Agree with you timkiely that it does appear that the screening to remove the responders to SC does not appear to have worked very well. It does seem that the participants enrolled were on an improvement trajectory with SC – not hard to treat at all.
The clue for the researchers that this was going wrong could have been the screening rates. If you imagine hard to treat comprises say 20%then around 80% should be being rejected.
Instead it seems only a handful of potentially eligible participants who had received SC for 1 month previously were screened out through wound size change (set pretty high at 30%).
On your other point.
I think the three year unhealed statistic from the Harding study that gets quoted on this forum is a little misleading. Yes the average was near three years (33 months) but the median was only 10 months.
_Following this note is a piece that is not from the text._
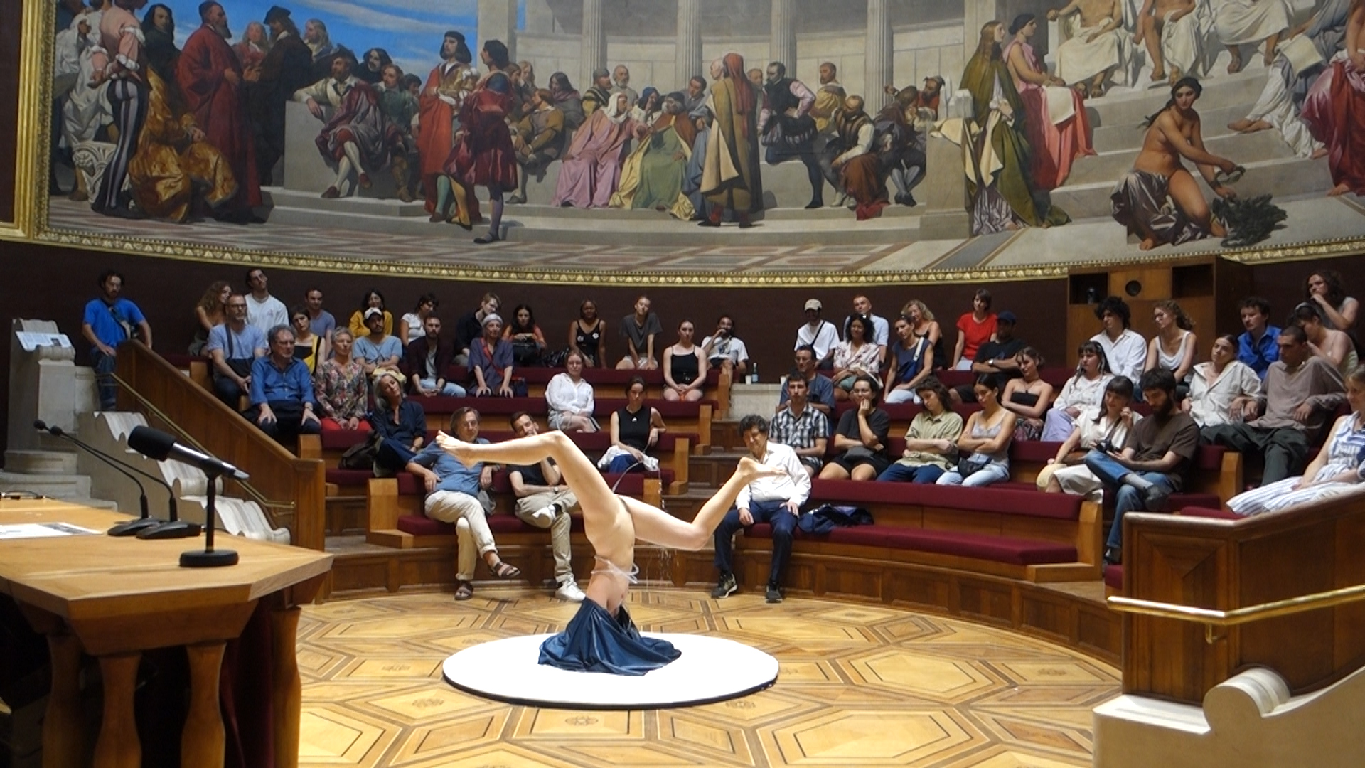 La réponse apparaît in situ. Il suffit de lever les yeux vers la fresque dont le peintre Paul Delaroche (1797-1856) a décoré l’amphithéâtre, Le Génie des arts entouré des artistes de tous les temps distribuant des couronnes (1836-1841), plus communément appelée La Renommée distribuant des couronnes, une vaste frise réunissant soixante-quinze grands artistes du passé sur les marches d’un péristyle antiquisant. Béryl Coulombié, placée comme elle l’est au centre de l’hémicycle, respecte strictement la formule illusionniste d’un programme monumental censé célébrer la continuité pédagogique des beaux-arts : l’étudiante se trouve face à la figure éponyme de la fresque, cette « Renommée » ou « Génie des arts » qui, assise au premier plan et au centre, s’apprête à lancer vers la scène une des couronnes de laurier entassées derrière elle. L’amphithéâtre d’honneur est la salle des prix. L’artiste a eu le sens des circonstances et, je dirais, des circularités ; elle a installé sa « sculpture de courte durée » là où peinture et architecture superposent virtuellement leurs cercles respectifs : « J’ai placé Fontaine au centre, sous la coupole, comme si lancée par le Génie la couronne circulaire se métamorphosait. »
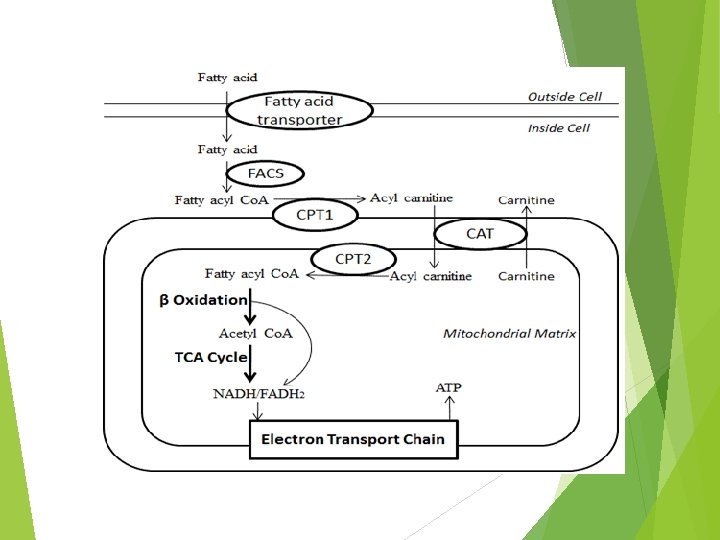 Carnitine Shuttle Pathway FA Acyl Co. A synthetase (FACS) Carnitine translocase (CAT) Carnitine palmitoyltransferase (CPT) Fatty acyl-Co. A synthase (FACS)

So very right skewed. You probably had a handful of cases that had had wounds that were years years old.
Harding noted that there was a positive trend for bette rresults for the shorter wound duration. Specifically in the 17 (out of 45) participants with wounds >24 months only 4 actually healed; the majority didn’t heal.
With the benefit of hindsight if you could wave a magic wand. The trial should have had a run in period of say first 10 cases to SC.Follow-up for 12 weeks and you would have seen very good response. And then realised your aim of producing an enriched sample of hard to treat wasn’t being achieved from your criteria.